A família Gutzeit, dona da fazenda Panorama, é originária da Alemanha e migrou para o Brasil no início do século passado. Se estabeleceram no Espírito Santo, como missionários e, em meados da década de 60, resolveram mudar para o Pará, para o município de Medicilândia, no meio da floresta Amazônica, e fundaram uma escola agrícola.
Ervino e Erna Gutzeit constituíram, ao lado da escola, uma fazenda, a Panorama, cujo objetivo era o de praticar uma agricultura sustensável. Escolheram o cacau para plantar, já que é natural da Amazônia, e que pode ser cultivada à sombra da floresta.
Hoje, a propriedade é tocada pela segunda e terceira geração da família, as filhas Eunice e Elcy, e o neto Elton.
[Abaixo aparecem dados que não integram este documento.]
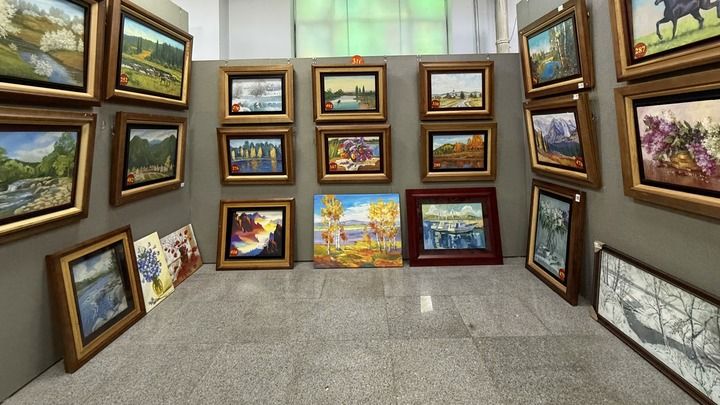 位于黑河市大黑河岛的中俄油画城展出很多俄罗斯油画(3月21日摄)。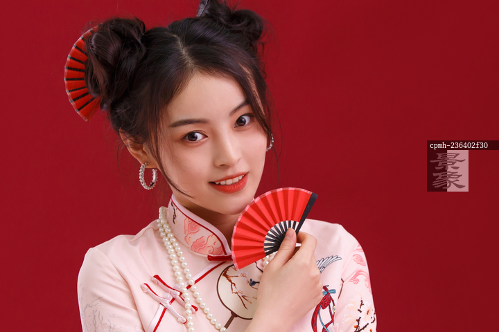 图片标题: 漂亮的国风美少女拿着小扇子
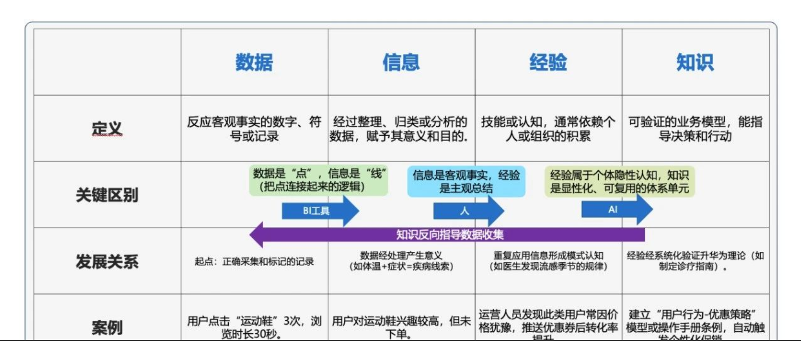 经验属于个人的隐性认知,而知识则是显性化、可复用的体系单元。在企业中,将运营人员的个人经验(例如,当用户浏览某运动鞋详情页但未下单时,向其发送优惠券)转化为可供AI直接使用的模型,才是真正完成了知识的转化。

Atualmente, apesar de todas as dificuldades logísticas, o município de Medicilândia, se tornou o maior produtor de cacau do país junto com outras cinco cidades próximas: Pacajá, Anapu, Vitória do Xingu, Brasil Novo e Uruará, que, juntas, formam o Polo da Transamazônica, diga-se de passagem, a região cacaueira mais importante do estado. O Pará ainda abriga mais duas regiões produtoras de cacau, o Polo do Médio Amazonas e o de Bragantina.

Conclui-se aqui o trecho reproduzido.